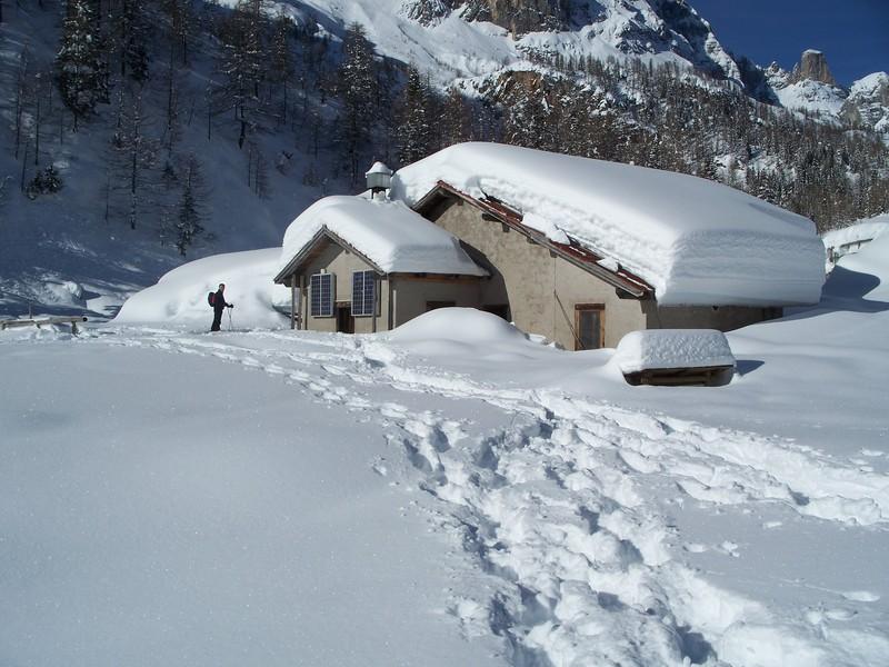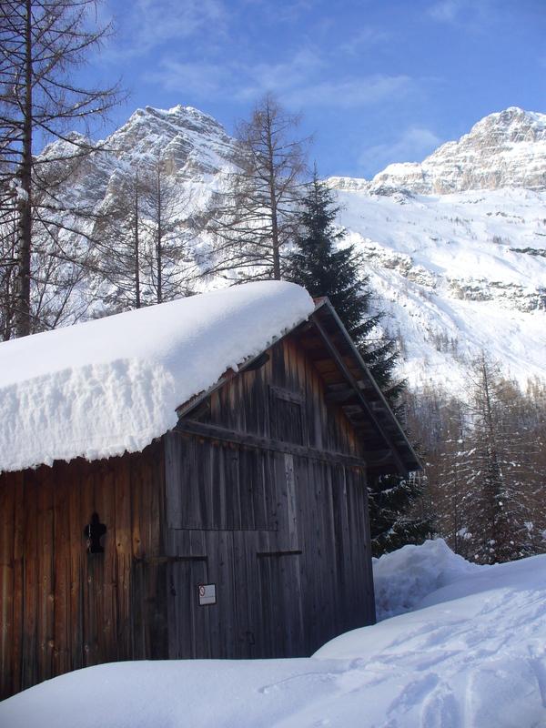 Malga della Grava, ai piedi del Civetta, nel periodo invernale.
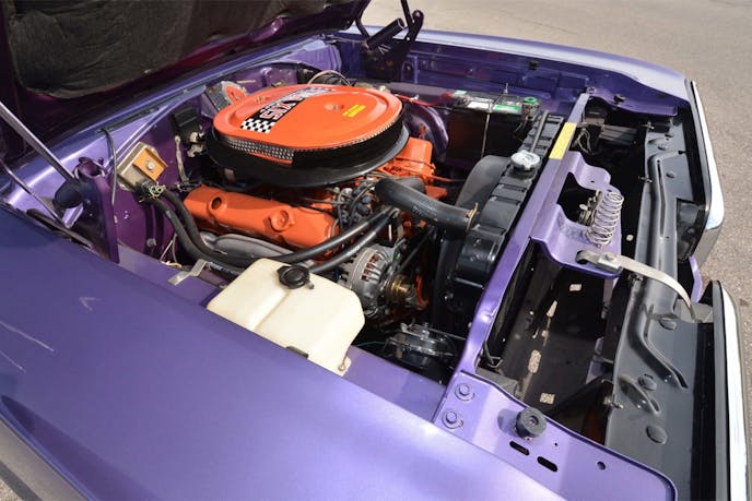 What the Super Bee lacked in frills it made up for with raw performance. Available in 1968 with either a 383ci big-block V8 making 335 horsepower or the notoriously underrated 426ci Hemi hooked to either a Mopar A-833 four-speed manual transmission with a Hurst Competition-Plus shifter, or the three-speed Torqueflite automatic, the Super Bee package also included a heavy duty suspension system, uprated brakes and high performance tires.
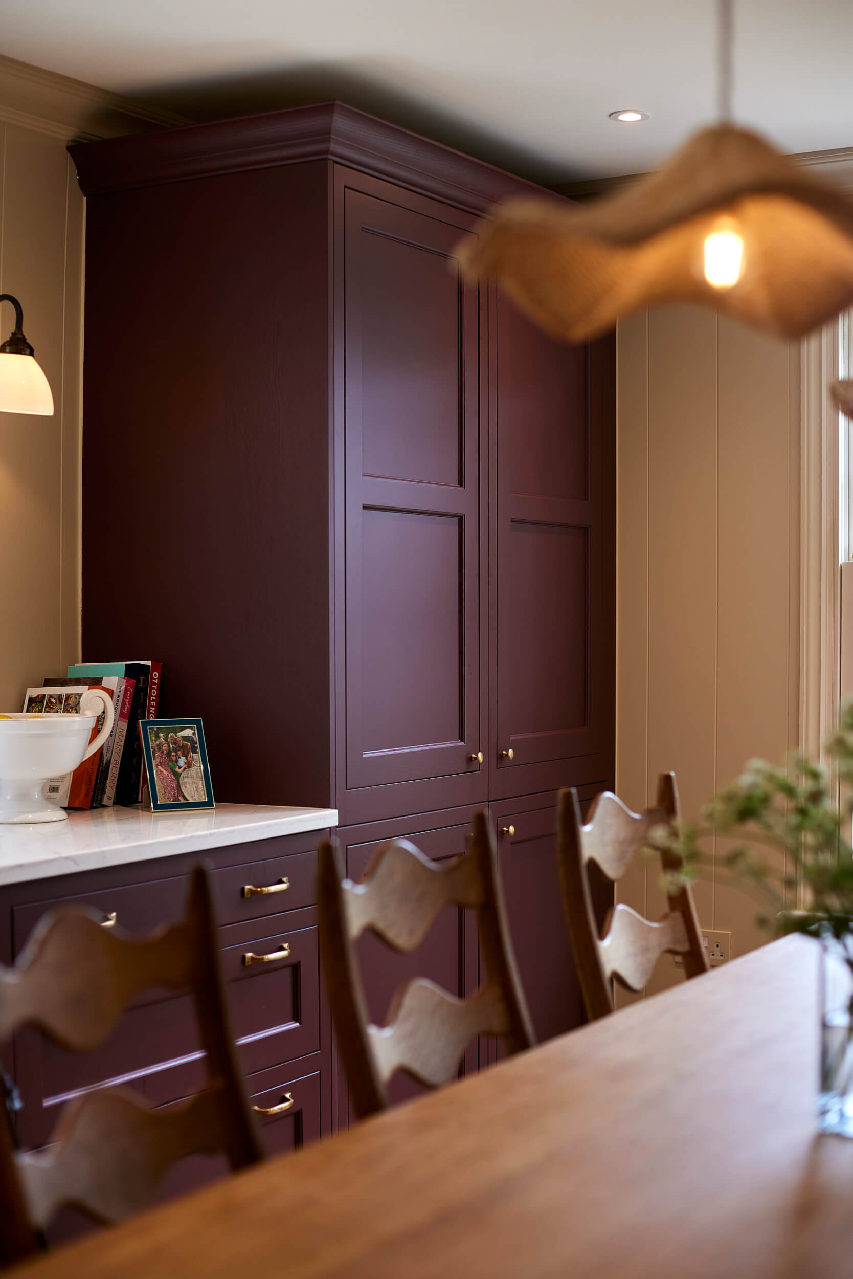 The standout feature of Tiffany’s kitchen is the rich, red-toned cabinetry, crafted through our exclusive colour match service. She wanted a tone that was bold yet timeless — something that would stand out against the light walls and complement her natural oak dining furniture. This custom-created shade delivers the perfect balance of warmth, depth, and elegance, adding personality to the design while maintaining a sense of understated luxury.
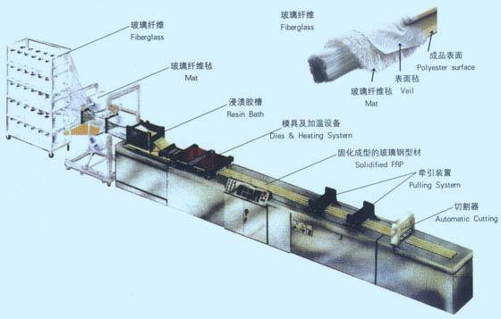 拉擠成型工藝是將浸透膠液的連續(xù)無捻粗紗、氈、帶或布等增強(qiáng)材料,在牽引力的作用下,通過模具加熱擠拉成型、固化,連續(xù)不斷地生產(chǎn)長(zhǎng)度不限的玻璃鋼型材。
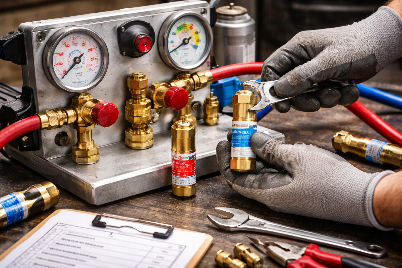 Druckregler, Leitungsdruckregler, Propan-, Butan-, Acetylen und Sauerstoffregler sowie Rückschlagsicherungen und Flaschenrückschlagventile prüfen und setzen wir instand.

__WHAT IS NEEDED__:
Return exactly the lines from the one containing "The standout feature" through the end of the records, leaving out every picture.

__EXERCISE OUTPUT__:
 The standout feature of Tiffany’s kitchen is the rich, red-toned cabinetry, crafted through our exclusive colour match service. She wanted a tone that was bold yet timeless — something that would stand out against the light walls and complement her natural oak dining furniture. This custom-created shade delivers the perfect balance of warmth, depth, and elegance, adding personality to the design while maintaining a sense of understated luxury.
 拉擠成型工藝是將浸透膠液的連續(xù)無捻粗紗、氈、帶或布等增強(qiáng)材料,在牽引力的作用下,通過模具加熱擠拉成型、固化,連續(xù)不斷地生產(chǎn)長(zhǎng)度不限的玻璃鋼型材。
 Druckregler, Leitungsdruckregler, Propan-, Butan-, Acetylen und Sauerstoffregler sowie Rückschlagsicherungen und Flaschenrückschlagventile prüfen und setzen wir instand.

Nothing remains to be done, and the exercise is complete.